Using multiple character sets

Introduction

This document provides an overview of how a web developer can code multi-language websites with different character sets. The examples uses ASP as the presentation server development language. A brief description is given on which settings needs to be configured within Tridion per website as well as providing best practises on presentation side coding for multiple languages.

1. Character Sets

In this document we will be talking about different character sets. Therefore it is important to understand what exactly a character set is.  

Definition

A character encoding is a code that pairs a set of natural language characters (such as an alphabet or syllabary) with a set of something else, such as numbers or electrical pulses. Common examples include Morse code, which encodes letters of the Latin alphabet as series of long and short depressions of a telegraph key; and ASCII, which encodes letters, numerals, and other symbols as both integers and 7-bit binary versions of those integers.

History

In computers and in data transmission between them, i.e. in digital data processing and transfer, data is internally presented as octets, as a rule. An octet is a small unit of data with a numerical value between 0 and 255, inclusively.The numerical values are presented in the normal (decimal) notation here, but notice that other presentations are used too, especially octal (base 8) or hexadecimal (base 16) notation. Octets are often called bytes, but in principle, octet is a more definite concept than byte. Internally, octets consist of eight bits (hence the name, from Latin octo'eight'), but we need not go into bit level here. However, you might need to know what the phrase "first bit set" or "sign bit set" means, since it is often used. In terms of numerical values of octets, it means that the value is greater than 127. In various contexts, such octets are sometimes interpreted as negative numbers, and this may cause various problems.
Different conventions can be established as regards to how an octet or a sequence of octets presents some data. For instance, four consecutive octets often form a unit that presents a real number according to a specific standard. We are here interested in the presentation of character data (or string data; a string is a sequence of characters) only.
In the simplest case, which is still widely used, one octet corresponds to one character according to some mapping table (encoding). Naturally, this allows at most 256 different characters being represented. There are several different encodings, such as the well-known ASCII encoding and the ISO Latin family of encodings. The correct interpretation and processing of character data of course requires knowledge about the encoding used. For HTML documents, such information should be sent by the Web server along with the document itself, using so-called HTTP headers (cf. to MIME headers).
Previously the ASCII encoding was usually assumed by default (and it is still very common). Nowadays ISO Latin 1, which can be regarded as an extension of ASCII, is often the default. The current trend is to avoid giving such a special position to ISO Latin 1 among the variety of encodings.
To enable the correct display of characters that are not found in the default ASCII character definition (0-255) the current web trend is to use the UTF-8 character set encoding to display otherwise unknown characters within the web browser(think of Chinese symbols, Arabic words etc.).   
 
In this document we will be looking at an example of how to display a foreign language correctly within an HTML document using UTF-8 encoding.   

2. Presentation Server

For the example shown I am assuming that ASP is the development language being used.
To enable the HTML document to display the content in the correct fashion you need to include the following pieces of code within your ASP code.

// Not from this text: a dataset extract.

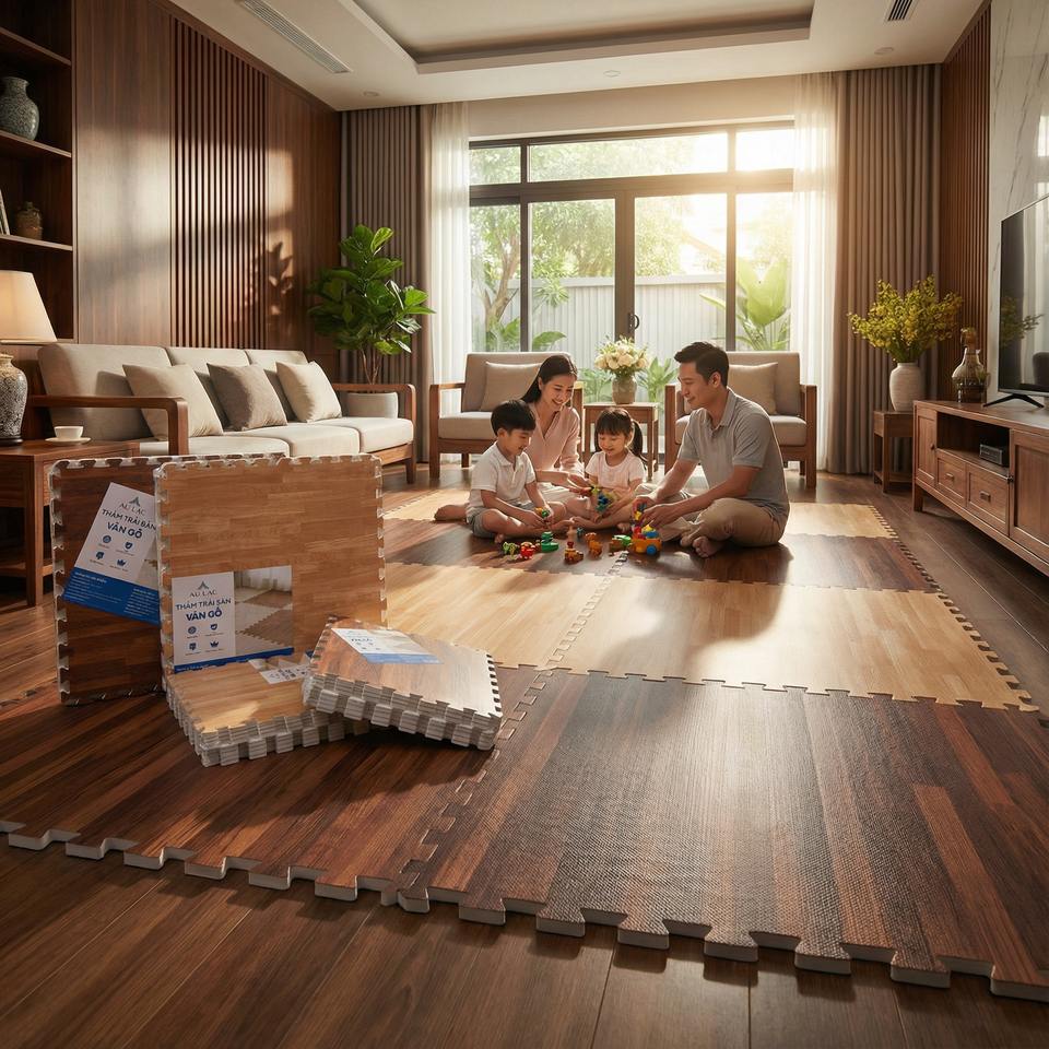 EVA Foam Wood Pattern Floor Mat 60x60cm x 10mm – Interlocking Soft Flooring for Living Room & Home Use

  1. You need to specify the correct encoding type for your ASP execution.
    <% @Language=VBScript Codepage=65001%>=
    <% Response.CodePage="65001" %>
  2. You need to find the Codepage value that matches the language that you are displaying.   
    You need to add a META tag defining the encoding type for the document:
    <meta http-equiv=Content-Type content="text/html; charset=UTF-8">
  3. If you wish to display a language that reads from right to left (bi-directional text, eg. Arabic) you can also force this by configuring the following to your HTML tag code:

3. Tridion Content Manager

We have taken a look at what you need to include within your presentation side coding to enable the correct displaying of foreign languages. These coding pieces will most likely reside within your Page templates. When you publish your pages the correct coding will then be inserted per publication / web site / language.   
There are also a few settings that you have to configure within the Tridion Content Manager GUI (graphical user interface) to enable the functionality.   
When you publish a page within a publication it is published to a publication target. Every publication target has the Target Language and Default Code Page values that you can configure.   This is dependant to which type of presentation server you are publishing to (IIS, BEA, IBM Websphere etc.)  

Once you have set the correct Target Language you now have to set the correct Default Code Page so that the rendering of your pages provide the content with the correct Unicode encoding standard.   
When you are publishing your content in a foreign language you will most likely set this value to Unicode (UTF-8).
 
Once you have configured the publication targets correctly and updated your templates to provide the client web browser with the correct Unicode standard to use you can now go ahead and publish your website contents for all foreign languages.

4. Blueprinting

When you are creating multiple websites in different languages within the Tridion Content Manager you can utilize Blueprinting to ease the encoding that is needed to output the correct content.   
 
One example is to put the Unicode standards and META tag information in a system component. Your page template then reads this information from the system component.   
You can then localize the system component per publication/website and configure the correct character set to be used to display that specific language correctly.